Nucleohistone (DNH) was found to bind with β-Aminoethylisothiouroniurn bromide hydrobromide (AET) in 1:1 concentration ratio. Charge neutralisation complexes were formed between AET and four amino-acids in the follwoing concentration ratios : AET : Tyrosine, 1:1; AET : Lysine, 10:1; AET : Histidine 5:1 and AET : Arginine 5:1. Binding of AET with the bases (e.g., AET : Adenine, 1:2; AET : Thymine 1:2; AET : Guanine, 1:4 and AET : Cytosine, 1:1.2) in the concentration ratios indicated were through hydrogen bond. The strengths of the binding were found to be AET-Thymine > AET-Guanine > AET-Cytosine > AET-Adenine. C-S-C bond, alkane groups, =NH and -NH₂ groups of AET were responsible for binding. All the amino-acids were protonated by -SH group of mercaptoethylguanidine (MEG). Phosphate ions of DNA and two chromophoric groups, namely -C=C-C=O and -C=C-C=N- were responsible for binding. Upon gamma irradiation, the side chains (e.g., -NH₂, =NH), C-S-C bond and alkane groups of AET got disrupted with increase in dose.
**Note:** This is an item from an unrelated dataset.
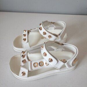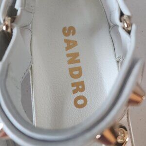 "NEW" Stunning White Leather Gold/Rose Gold-tone Studs & Rivets Elympia Sandals By Sandro Paris. Adjustable Velcro Strapping/Closure, Molded Cushioned Foot Bed, Suede Sides, Flat Rubber Soles, Metal Logo at Heel Strap, Leather Upper, Lining & Foot Bed, New, never Worn, Only Tried On:) Rt.360.00 approx. Size 36/ 6, Foot Bed Measures 8.5" for Reference.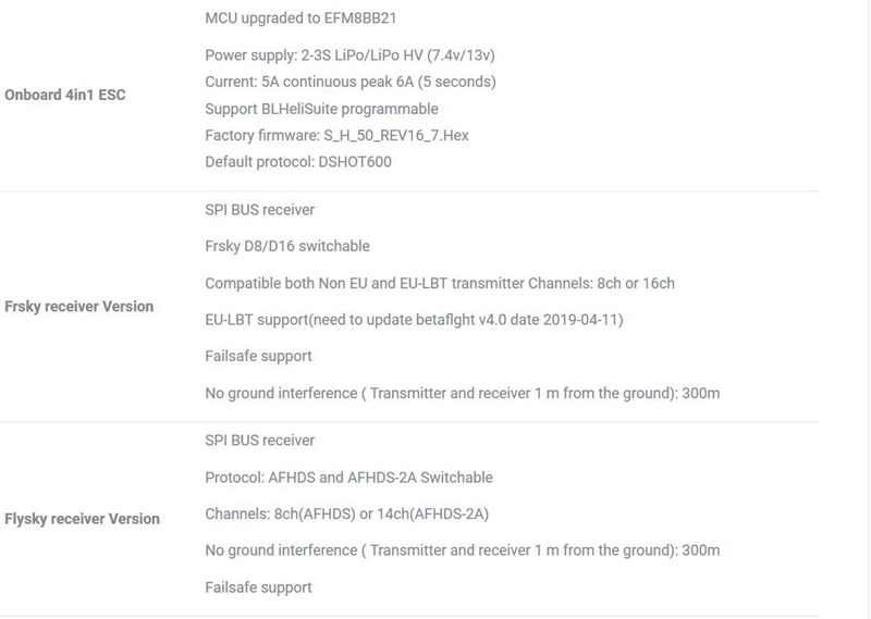 - Frsky version support both NON-EU and EU-LBT Frsky transmitter(EU-LBT need to update firmware to Betaflight 4.0( release date :2019-4-11)

But for DNH, helix to coil transition, dissociation of constituent amino-acids and unfolding of the chromophoric groups took place. AET-amino acid complexes produced alkalinity upon gamma irradiation. A probable radiation protection mechanism offered by MEG for DNH has been provided.

Keywords

AET, DNH, Bases, Amino-Acids, Chromophores, Binding, Radiation Protection.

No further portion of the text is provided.